Date: Wed, 17 Jun 2009 10:15:29 -0400
From: Ian Chesal <ICHESAL@xxxxxxxxxx>
Subject: Re: [Condor-users] Restrincting the number of jobs copying data

> What I would like to be able to do is submit all the jobs to Condor,
> then restrict the number of jobs that are allowed to be copying, as
> each job finishes copying its data, the processing part of the job
> will start. Allowing a new job will be started for copying data.
> Each job has three parts, Part A copies data, then Part B processes
> the data, then Part C writes the results. I'd like to limit the number
> of jobs that are in Part A and C at any one time, while at the same
> time allow any number of jobs to be in Part B.
>
>  The 'simple' solution would be to only allow 50 jobs to run. But,
> once the 50 jobs have finished copying the data, they can start doing
> the processing, and then let the next 50 start copying data.
>
>  I'm pretty much at a loss as to where to start to create this
> restriction, so any hints would be appreciated.

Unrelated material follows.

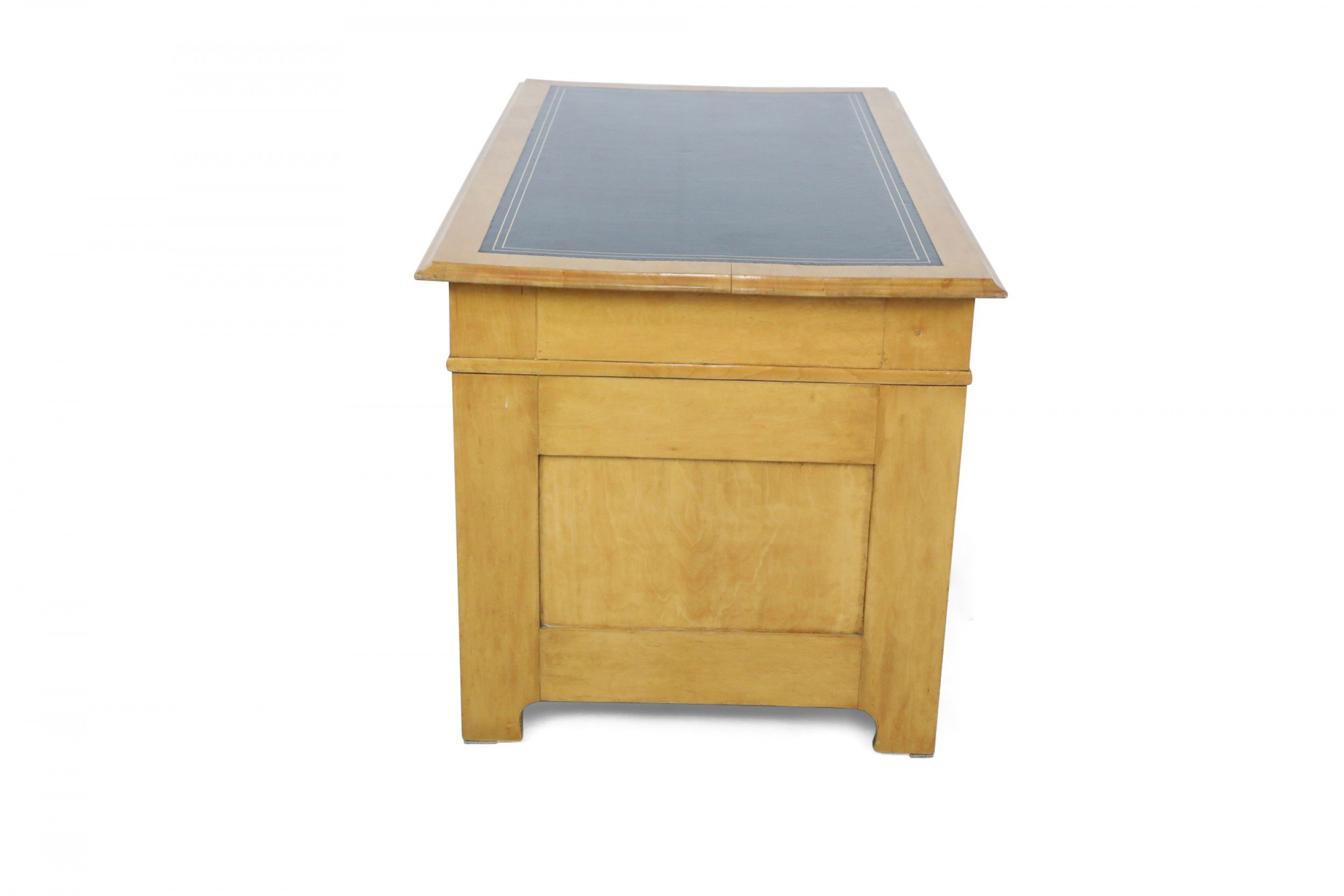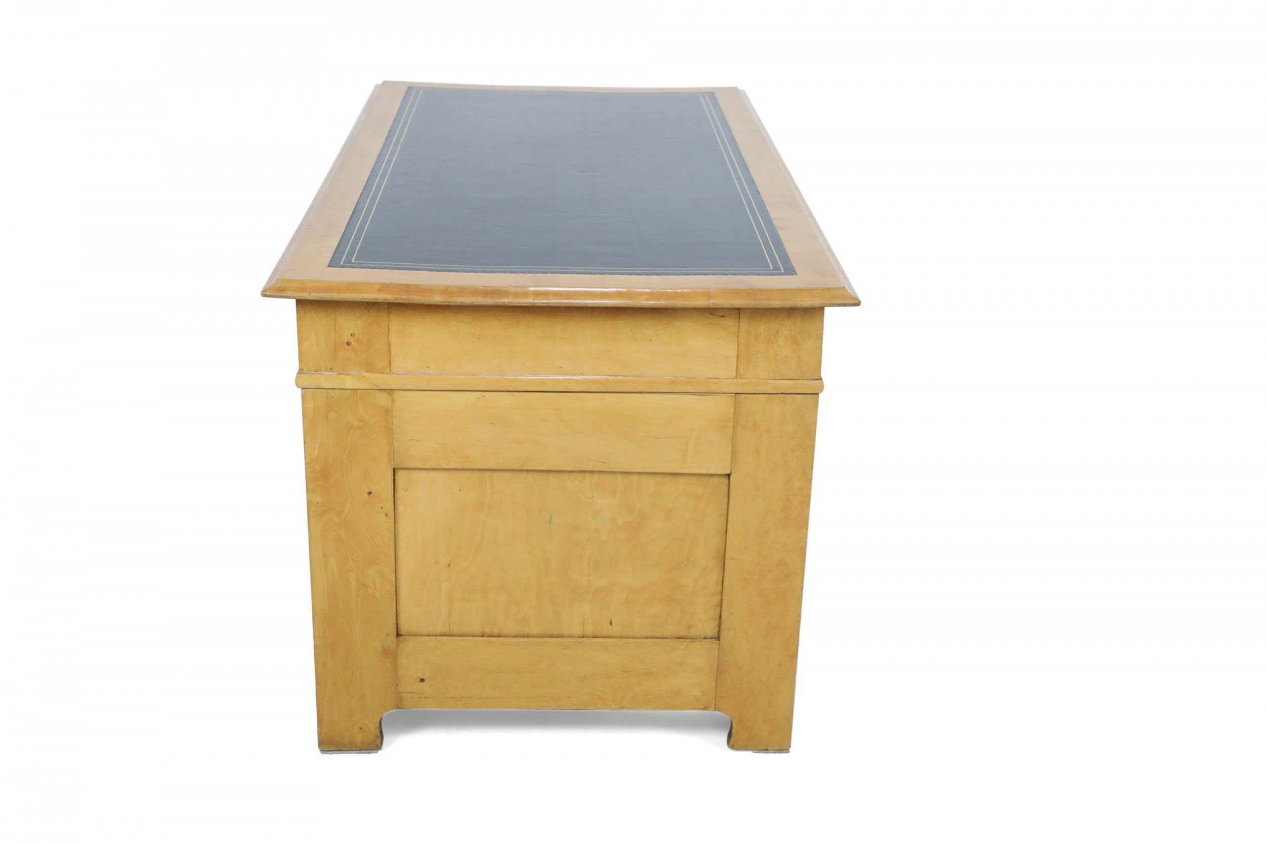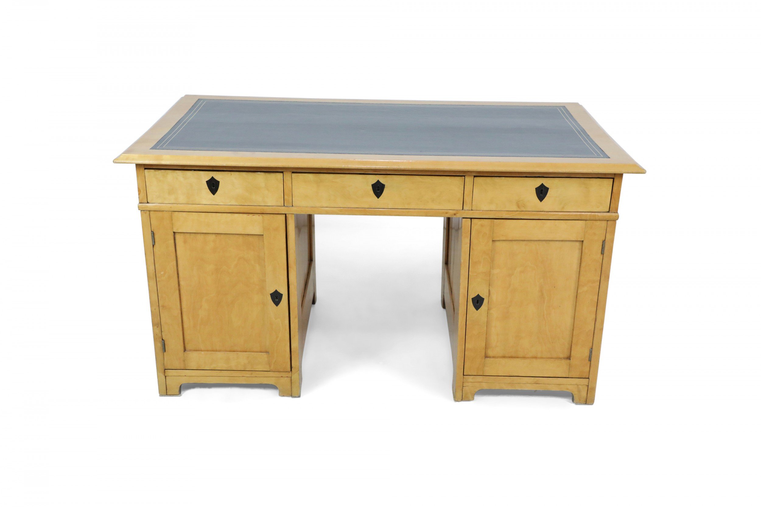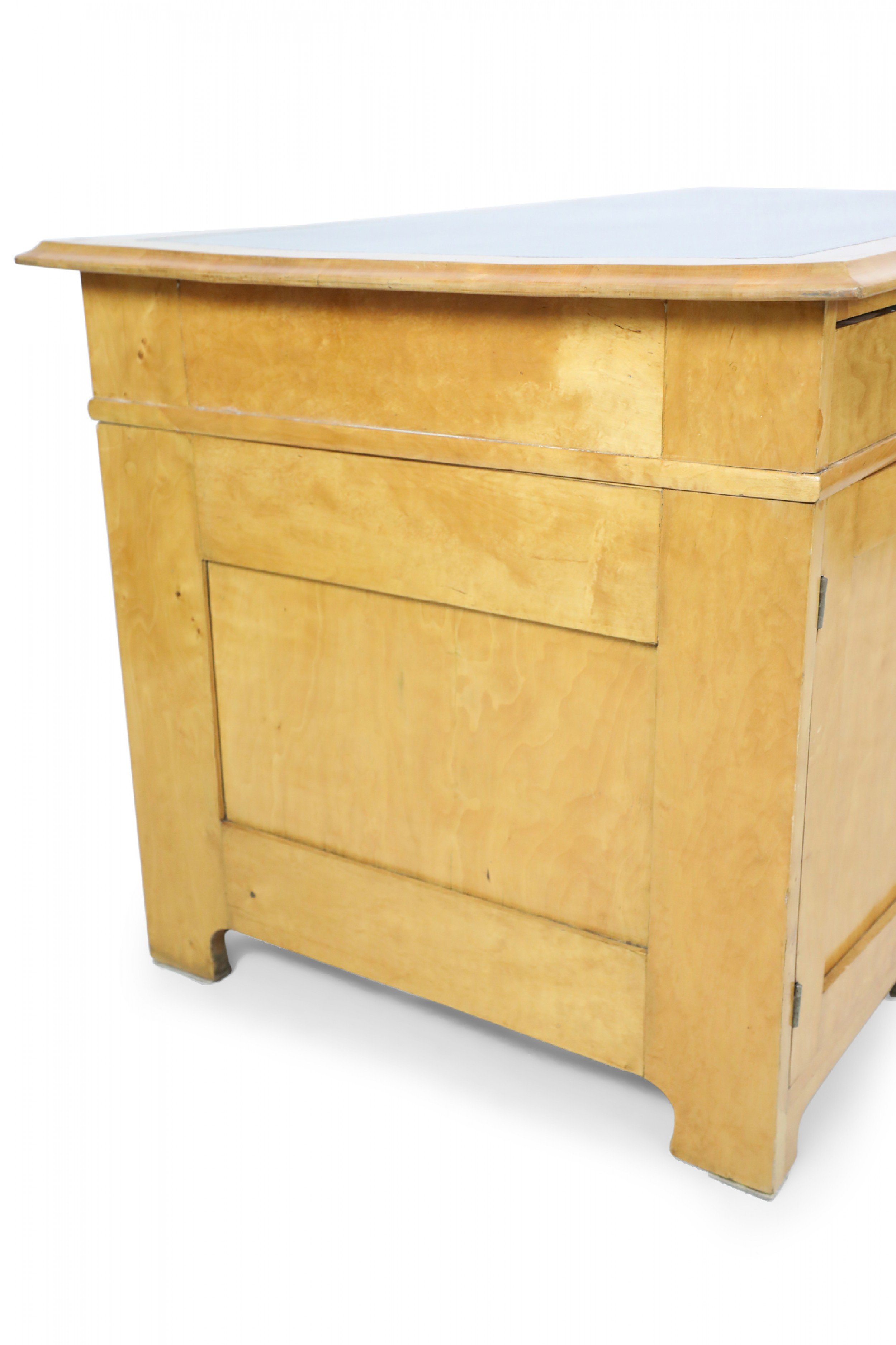 Swedish Biedermeier style (19/20th Century) birch kneehole desk with three drawer above two cabinet doors enclosed 4 drawers with a gold embossed black leather top..

Personally I'd try to solve this outside of Condor with a mutex
approach:

http://en.wikipedia.org/wiki/Mutual_exclusion

What you want to do is create a shared counter on your file system. When
a job wants to copy data from the file system it checks the counter
file. If the count is less than X it gets an exclusive lock on the file,
if the count is still less than X it increments it, writes the file, and
releases the lock. Now it can do the copy. When it's done: exclusive
lock on the file, decrement the counter, release the lock.

In this way you can have all 500 nodes working away at jobs, but the
copying of data from your filer would be restricted.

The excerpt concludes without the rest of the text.